Your wikipedia quote doesn't contradict what I said. Individuals' ideas of rightness or usefulness isn't what Engels is getting at. He is saying that democracy would fail even if no one was around to see/judge it ("does a tree fall in the woods?"). Look into the history of their thought, they needed to make the theory scientific for it to be more convincing (some people say Stirner was the impetus).

>Your wikipedia quote doesn't contradict what I said.
that is an obvious lie
> Individuals' ideas of rightness or usefulness isn't what Engels is getting at.
it is what you were getting at when you said engels made no value judgments
>He is saying that democracy would fail even if no one was around to see/judge it
so democracy is inferior to despotism according to engels

Judgment isn't a typo, and saying [sic] on Veeky Forums makes you look like a retard.

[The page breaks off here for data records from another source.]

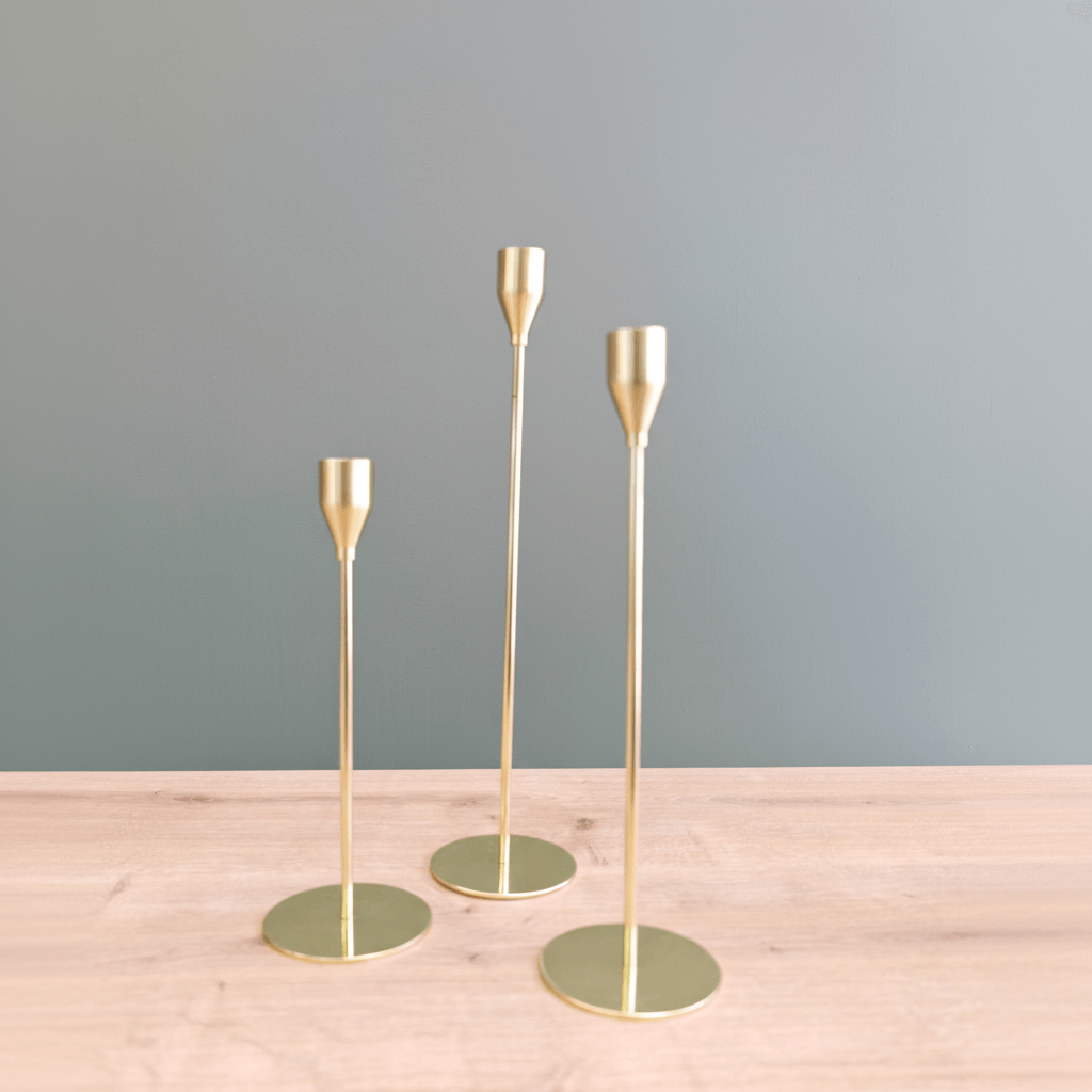 To use, simply place standard taper candles into the holders, ensuring a snug fit for stability. Arrange the holders together for a multidimensional decorative effect or space them throughout your room for uniform ambiance. For dinner parties, line them as a stunning centerpiece, or set beside your favorite ornaments for a personalized touch. For maximal impact, pair the black, gold, and white holders together to complement your decor palette.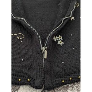 VTG Erika Christmas Sweater Vest Beaded Embroidered Holiday Poinsettia
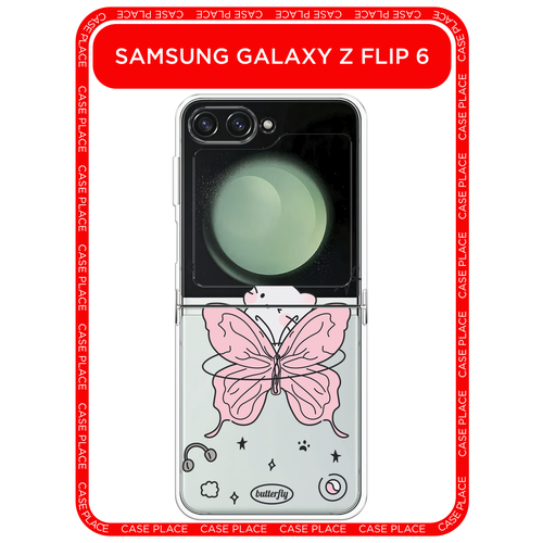 Чехол на Samsung Galaxy Z Flip 6/7 FE / Самсунг Z Flip 6/7 Фе с принтом Котик-бабочка, прозрачный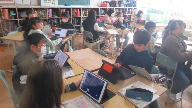 社会では、運輸や貿易について学習しています。外国と、どんな物を買ったり売ったりしているのか、物をどう運んでいるのかなどを、資料を見ながら考えました。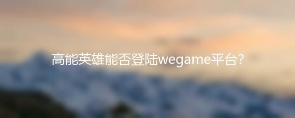 以上就是小编为大家带来的高能英雄能否登陆wegame平台的内容。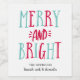 Personalize essas etiquetas de vinhos festivos de Natal com duas linhas de texto personalizado para criar um presente perfeito de hospedeiro ou toque personalizado para a sua propagação de janto de Natal. Design de Natal brilhante e colorido apresenta "feliz e brilhante" em letras vibrantes de vermelho e aqua.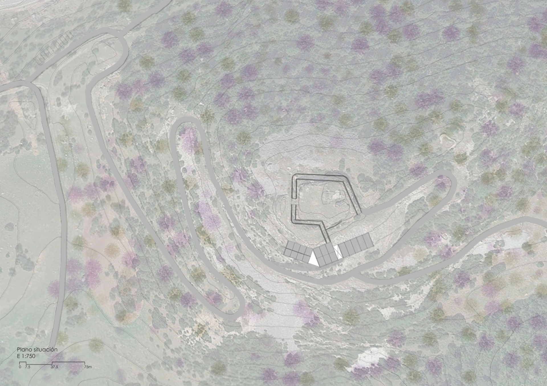 El proyecto propone un Centro de Interpretación en el valle del río Aragón, concebido como un mirador que se integra en la ladera junto al Fuerte de la Sagüeta para reforzar la lectura del paisaje y su memoria cultural. La intervención se articula mediante una estructura modular que fragmenta el edificio en tres piezas unidas por patios, generando una secuencia de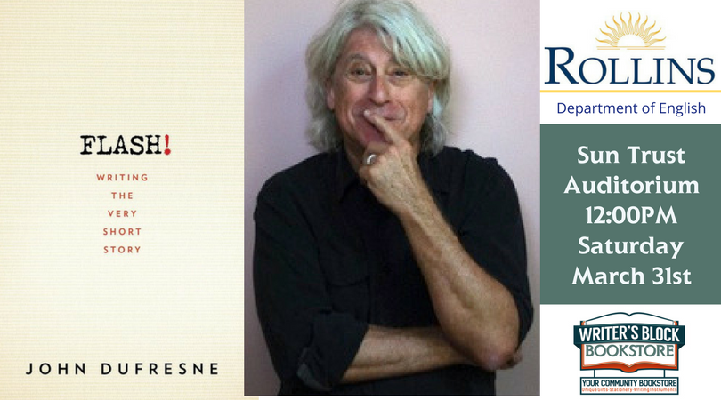 Writer’s Block Bookstore and Rollins College, English Department are honored to present author, teacher, and playwright John DuFresne on Saturday, March 31st at the SunTrust Auditorium. DuFresne will be discussing his newest work, FLASH!: Writing the Very Short Story, and invites attendees to participate in an interactive flash fiction exercise.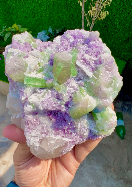 Watermelon Tourmaline Crystals with Lepidolite, Tourmaline on Qyartz, Natural Tourmaline, Mineral Specimen 697 g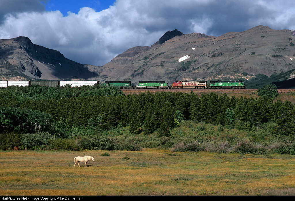 A disinterested horse plods along as an eastbound Burlington Northern Santa Fe freight rumbles through Bison, Montana, while crossing Marias Pass on the southern border of scenic Glacier National Park. Burlington Northern GE C30-7 No. 5581 leads a Santa Fe C40-8W and two BN EMD SD40-2s.

>so democracy is inferior to despotism according to engels
structurally, but I bet he would say democracy is morally superior.

Baited.

Was Nietzsche a literal cuck?

>Oh yeah, fuck my (hypothetical lmao) wife. Only through suffering and humiliation can I rise up to greatness.

>I bet he would say democracy is morally superior.
what are you basing this on?
>Baited.
pic related
this is more the level of discussion i expect from Veeky Forums

but yeah pretty much, he idolised napoleon who was, as you say, a literal cuck

Prolly he'd point to the corporation owned media and say 'aristocracy is at least honest'.

If anything I think he was the one trying to cuck the fathers of his students at one point. Nietzsche wouldn't consider a fetish restricted to mediocre nu-males in a comfy privileged society to be exemplary suffering. He criticises religious people for self-destructive suffering/masochism.

Again, he praises Napoleon for how he handed his infidelities, Nietzsche seems to prefer cucking to being cucked. He also liked Dostoevsky's C&P which makes fun of Engels views on marriage.

>what are you basing this on?
That Engels spent his lifetime working on egalitarian garbage.

I don't think so.

>That Engels spent his lifetime working on egalitarian garbage.